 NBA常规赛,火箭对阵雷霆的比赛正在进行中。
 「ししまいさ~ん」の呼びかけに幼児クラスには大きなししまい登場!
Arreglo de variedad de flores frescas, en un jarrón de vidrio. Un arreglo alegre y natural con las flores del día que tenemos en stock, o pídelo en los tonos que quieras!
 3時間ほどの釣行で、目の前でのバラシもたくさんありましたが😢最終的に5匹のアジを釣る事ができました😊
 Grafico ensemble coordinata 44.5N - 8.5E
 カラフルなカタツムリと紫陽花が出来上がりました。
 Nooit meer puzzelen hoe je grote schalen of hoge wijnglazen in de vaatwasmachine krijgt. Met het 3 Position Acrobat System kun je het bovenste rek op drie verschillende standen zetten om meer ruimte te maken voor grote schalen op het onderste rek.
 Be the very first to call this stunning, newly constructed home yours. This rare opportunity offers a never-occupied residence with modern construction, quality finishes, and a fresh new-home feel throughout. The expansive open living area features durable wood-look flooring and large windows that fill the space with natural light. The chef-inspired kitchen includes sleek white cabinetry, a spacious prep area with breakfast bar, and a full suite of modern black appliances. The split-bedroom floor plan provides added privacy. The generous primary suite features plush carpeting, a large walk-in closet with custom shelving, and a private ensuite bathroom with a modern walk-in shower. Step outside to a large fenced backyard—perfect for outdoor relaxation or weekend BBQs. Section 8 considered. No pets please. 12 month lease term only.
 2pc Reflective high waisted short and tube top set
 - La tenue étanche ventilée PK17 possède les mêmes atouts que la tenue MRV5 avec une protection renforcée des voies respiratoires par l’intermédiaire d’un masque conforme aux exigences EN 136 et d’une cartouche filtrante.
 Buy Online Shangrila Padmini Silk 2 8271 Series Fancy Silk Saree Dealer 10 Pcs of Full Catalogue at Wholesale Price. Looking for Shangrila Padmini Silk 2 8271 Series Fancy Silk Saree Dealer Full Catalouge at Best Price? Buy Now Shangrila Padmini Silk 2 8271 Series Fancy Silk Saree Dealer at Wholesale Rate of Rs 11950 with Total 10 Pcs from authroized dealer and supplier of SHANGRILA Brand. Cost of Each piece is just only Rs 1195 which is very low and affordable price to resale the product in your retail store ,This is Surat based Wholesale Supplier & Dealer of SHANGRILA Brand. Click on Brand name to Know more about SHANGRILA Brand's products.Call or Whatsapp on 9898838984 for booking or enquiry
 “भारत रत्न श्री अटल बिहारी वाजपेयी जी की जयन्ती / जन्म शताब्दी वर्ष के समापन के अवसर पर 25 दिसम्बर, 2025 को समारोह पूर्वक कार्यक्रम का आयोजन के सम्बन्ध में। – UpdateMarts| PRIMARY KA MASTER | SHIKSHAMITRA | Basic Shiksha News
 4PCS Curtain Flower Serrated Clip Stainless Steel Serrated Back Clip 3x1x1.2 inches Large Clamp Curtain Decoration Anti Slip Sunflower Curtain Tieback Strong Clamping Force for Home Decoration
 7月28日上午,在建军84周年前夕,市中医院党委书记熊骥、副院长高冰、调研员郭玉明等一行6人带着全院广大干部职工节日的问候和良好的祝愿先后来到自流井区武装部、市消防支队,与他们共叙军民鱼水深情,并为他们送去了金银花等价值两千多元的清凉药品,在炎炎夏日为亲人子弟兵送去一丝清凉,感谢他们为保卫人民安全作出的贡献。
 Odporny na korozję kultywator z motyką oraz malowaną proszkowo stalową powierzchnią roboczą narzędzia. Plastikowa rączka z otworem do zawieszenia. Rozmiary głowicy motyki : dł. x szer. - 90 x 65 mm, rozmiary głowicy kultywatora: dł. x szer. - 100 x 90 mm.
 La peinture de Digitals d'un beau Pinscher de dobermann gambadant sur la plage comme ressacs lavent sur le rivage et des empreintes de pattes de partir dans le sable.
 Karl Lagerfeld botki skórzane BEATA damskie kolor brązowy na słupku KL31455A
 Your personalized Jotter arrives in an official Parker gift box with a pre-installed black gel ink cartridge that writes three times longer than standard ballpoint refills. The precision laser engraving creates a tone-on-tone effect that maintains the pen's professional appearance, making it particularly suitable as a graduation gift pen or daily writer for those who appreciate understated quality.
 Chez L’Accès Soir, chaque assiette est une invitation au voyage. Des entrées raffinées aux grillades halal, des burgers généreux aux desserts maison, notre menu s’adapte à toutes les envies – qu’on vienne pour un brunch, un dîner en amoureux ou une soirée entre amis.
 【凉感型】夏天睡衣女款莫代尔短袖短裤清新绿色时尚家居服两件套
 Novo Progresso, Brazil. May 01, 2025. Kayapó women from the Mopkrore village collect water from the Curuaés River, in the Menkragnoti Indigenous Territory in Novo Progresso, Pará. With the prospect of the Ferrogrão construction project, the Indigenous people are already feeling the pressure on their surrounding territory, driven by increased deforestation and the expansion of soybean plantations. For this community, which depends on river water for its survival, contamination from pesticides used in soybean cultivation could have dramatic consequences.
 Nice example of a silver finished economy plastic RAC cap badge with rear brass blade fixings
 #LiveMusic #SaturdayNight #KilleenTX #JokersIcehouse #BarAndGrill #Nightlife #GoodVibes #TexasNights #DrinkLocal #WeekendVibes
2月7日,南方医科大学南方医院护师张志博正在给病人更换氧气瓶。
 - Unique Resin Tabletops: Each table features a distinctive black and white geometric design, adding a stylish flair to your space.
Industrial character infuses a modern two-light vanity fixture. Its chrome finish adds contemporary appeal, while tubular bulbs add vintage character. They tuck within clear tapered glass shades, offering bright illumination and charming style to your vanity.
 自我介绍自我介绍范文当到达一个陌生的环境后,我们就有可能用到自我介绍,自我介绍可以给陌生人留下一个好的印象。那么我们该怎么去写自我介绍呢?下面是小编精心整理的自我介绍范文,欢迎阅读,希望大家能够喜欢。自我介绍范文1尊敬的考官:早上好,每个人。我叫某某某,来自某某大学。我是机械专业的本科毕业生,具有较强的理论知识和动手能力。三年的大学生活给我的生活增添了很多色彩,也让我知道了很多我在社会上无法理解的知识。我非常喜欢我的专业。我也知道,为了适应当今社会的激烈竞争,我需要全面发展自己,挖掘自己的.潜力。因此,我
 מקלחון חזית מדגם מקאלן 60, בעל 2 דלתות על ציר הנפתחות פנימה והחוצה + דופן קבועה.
----
Could you repeat exactly the lines above from the line with "Chez L’Accès Soir, chaque" up to and including the line with "Nice example of", and only those?

Task response ▸
 Chez L’Accès Soir, chaque assiette est une invitation au voyage. Des entrées raffinées aux grillades halal, des burgers généreux aux desserts maison, notre menu s’adapte à toutes les envies – qu’on vienne pour un brunch, un dîner en amoureux ou une soirée entre amis.
 【凉感型】夏天睡衣女款莫代尔短袖短裤清新绿色时尚家居服两件套
 Novo Progresso, Brazil. May 01, 2025. Kayapó women from the Mopkrore village collect water from the Curuaés River, in the Menkragnoti Indigenous Territory in Novo Progresso, Pará. With the prospect of the Ferrogrão construction project, the Indigenous people are already feeling the pressure on their surrounding territory, driven by increased deforestation and the expansion of soybean plantations. For this community, which depends on river water for its survival, contamination from pesticides used in soybean cultivation could have dramatic consequences.
 Nice example of a silver finished economy plastic RAC cap badge with rear brass blade fixings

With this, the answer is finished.